On 10/3/07, Ralph Haygood <rhaygood at duke.edu> wrote:
> Tiago,
>
> Sorry to be so long replying---I've been almost drowning in work.
>
> Use anything you find useful in my code.  If you do write an article
> about it, I'd be glad to be a coauthor, not just in name but actually
> to help with writing the discussion of sequence statistics.
>
> There *is* a lot of stuff in my code, not all of it generally
> important.  For example, few people will care about indel statistics,
> beyond counting them and maybe getting the frequency distribution of
> their lengths.  The things most people will care about are K (the
> number of polymorphic sites), Watterson's theta, pi, Tajima's D, Fu
> and Li's D, Fay and Wu's H, F_ST, and McDonald--Kreitman testing.
>
> As for ambiguous nucleotides, my code handles them in one of two ways,
> at the programmer's option.  By default, a site at which any sequence
> in the alignment contains an ambiguous nucleotide is ignored; for
> example,
>
>         ACRGTY
>         ACAGTC
>
> is effectively equivalent to
>
>         ACGT
>         ACGT .
>
> However, if the 'expand_diplotypes' option is specified when the
> Sample object is constructed, each sequence in the alignment is
> interpreted as a diplotype and converted into a pair of pseudo-
> haplotypes, two-fold ambiguous nucleotides (R, Y, W, S, M, and K)
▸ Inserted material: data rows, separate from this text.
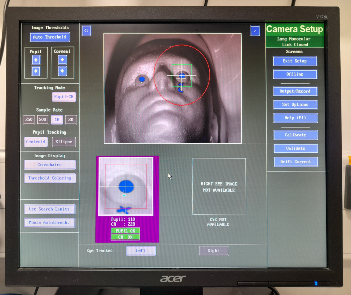 - Check which eye is being tracked in the EyeLink Host Computer! (the last known settings are used, which may be different to your own settings).
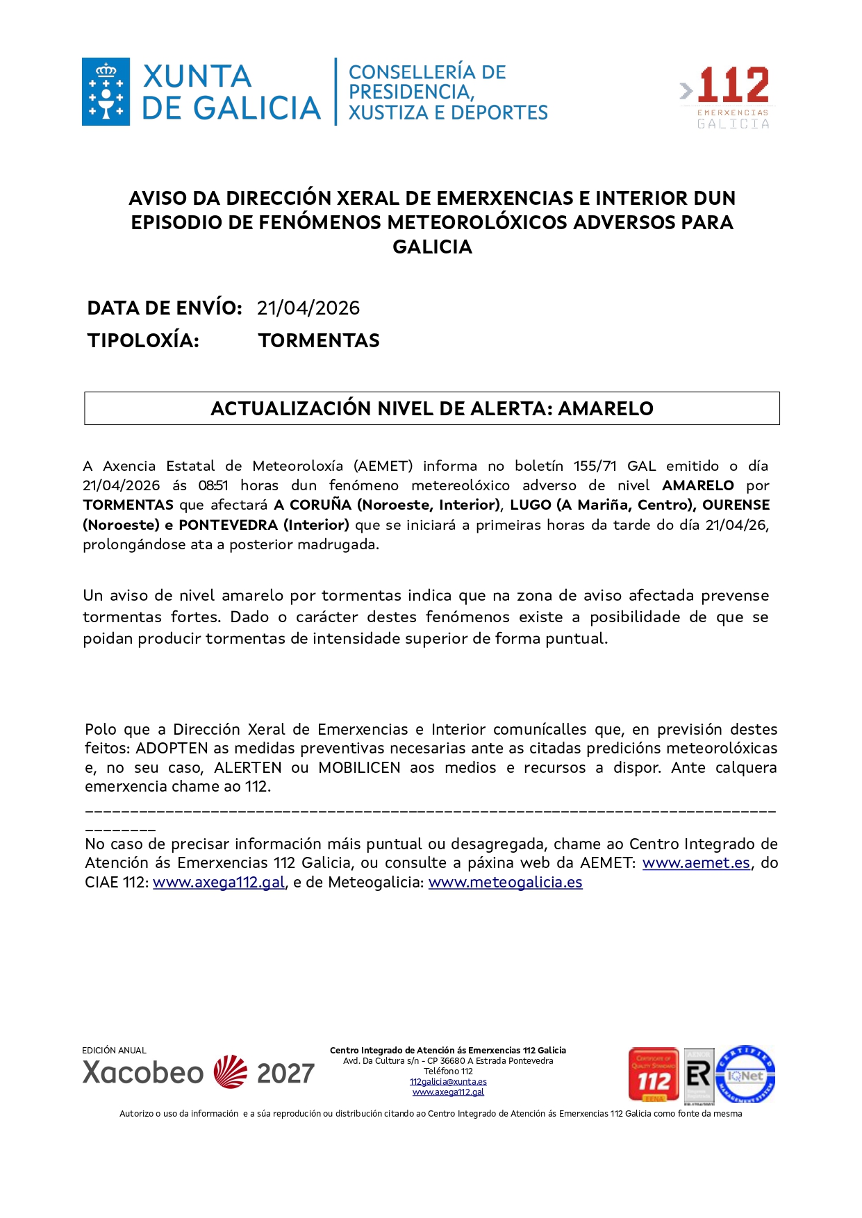 Aviso amarelo por tormentas
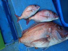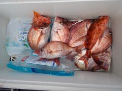 奈良市の中澤一平さんが、マダイの73センチを1匹、グレの41~47センチを2匹
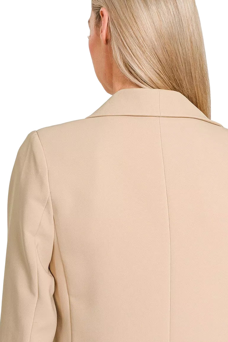 Embrace elegance with the Zenana Woven Long Sleeve Blazer, a piece that whispers romance in every stitch. Its timeless nude beige hue caresses the senses, effortlessly enhancing your wardrobe with a touch of sophistication.
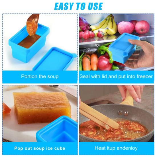 1/2 шт., силиконовый морозильный лоток с крышкой, пищевой 250 мл, легкосъемный лоток для хранения продуктов, не содержащий BPA, штабелируемый контейнер для морозильной камеры для супа для хранения
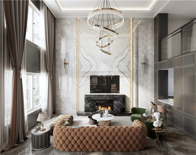 挑高的電視背景墻用大理石做背景,簡(jiǎn)約時(shí)尚,氣度非凡。一盞華麗的燈飾更將空間的氣度拉升。電子壁爐升起溫暖的火焰,橘色沙發(fā)、綠色單椅將空間溫暖的氛圍承托得恰到好處。
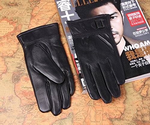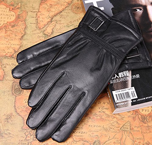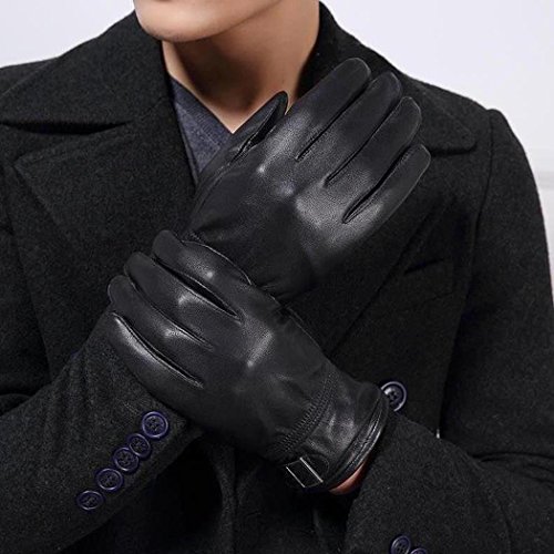 Note:Measure the hand you normally write with at its widest point,excluding the thumb. Our leather gloves are slim fit design. Gloves would be snug at first but leather will stretch. Made of real leather with warm and soft plush lining,offer a unique mix of practical design and directional style, keep your hand warm,and protect your hand when going outside in cold weather conditon.try this fashion warm gloves by HINY,enjoy your winter season. 0
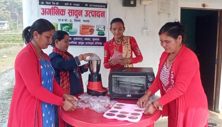 रामपुर नगरपालिका–२ स्थित सिम्लेमा ‘अग्र्यानिक साबुन उद्योग’का नाममा समूहमा महिलाले नुहाउने साबुन तयार पारिरहेका छन् । साबुन बनाउने छ दिनको तालिम नगरपालिकाले दिएपश्चात समूहमा मिलेर अहिले साबुन बनाउन थालेको अध्यक्ष सीता घर्ती बताउछिन् । “स्थानीय उत्पादन भएकाले गाउँघरकै ग्राहकले खरिद गरिरहनुभएको छ, गाउँमा राम्रै खपत भइरहेको छ”, उनले भनिन् ।

> being interpreted as heterozygous; for example,
>
>         ACRGTY
>         ACAGTC
>
> is effectively equivalent to
>
>         ACAGTC
>         ACGGTT
>         ACAGTC
>         ACAGTC .
>
> In expand_diplotypes mode, sites containing three- or four-fold
> ambiguous nucleotides are still ignored.  Also, you'll get a warning
> if you request a statistic that depends on correct SNP phasing, which
> most statistics don't.  So far, I've found these two operating modes
> sufficient for my needs.
>
> I think your plan sounds very reasonable, just adding sequence
> statistics at a pace that's comfortable for you.  Any time you have
> questions, feel free to ask me, and I'll give you whatever benefit
> there is in my opinion and experience.
>
> I'm happy for all this to happen on biopython-dev, so that other
> people (e.g., Alex Lancaster) can add to it.  I'll leave it to the
> core developers to tell us if we're too noisy.  (I'd recommend still
> sending messages to me with copies to biopython-dev, however, so that
> I don't accidentally miss them on biopython-dev, which I don't always
> read carefully.)
>
> Ralph
>
> On Sat, 29 Sep 2007, Tiago Antão wrote:
>
> > Hi Ralph,
> >
> > Hope all is good with you. I am now finally starting to commit
> > statistics code to Biopython. But before I go ahead I would like to
> > ask some advice to you (plus some extra comments):
> >
> > About code merging and authorship:
> >
> > I am finally looking to your code. There is really lots of stuff
> > there! Would it be OK with you if I merged your code with mine into
> > Bio.PopGen.Stats? Obviously the copyright/authorship for the module
> > would be co-shared as would any authorship of any article deriving
> > from it...
> >
> > About a strategy to advance:
> >
> > 1. I personally don't have any experience, really, with working with
> > sequence data (My background are SNPs, microsatellites/STRs, AFLPs and
> > that sort of stuff)
> > 2. Starting on Monday I am beginning a PhD which will require, part
> > time, sequence analysis
> > 3. What I mean from 1 and 2 is that I currently don't have maturity to
> > architect and design a good framework for sequence analysis but I will
> > gain it with time.
> > My plan is then to defer all sequence code until I fell I know what I
> > am doing (although I was still thinking in providing something like
> > BioPerl's facility of extracting all SNPs from sequences)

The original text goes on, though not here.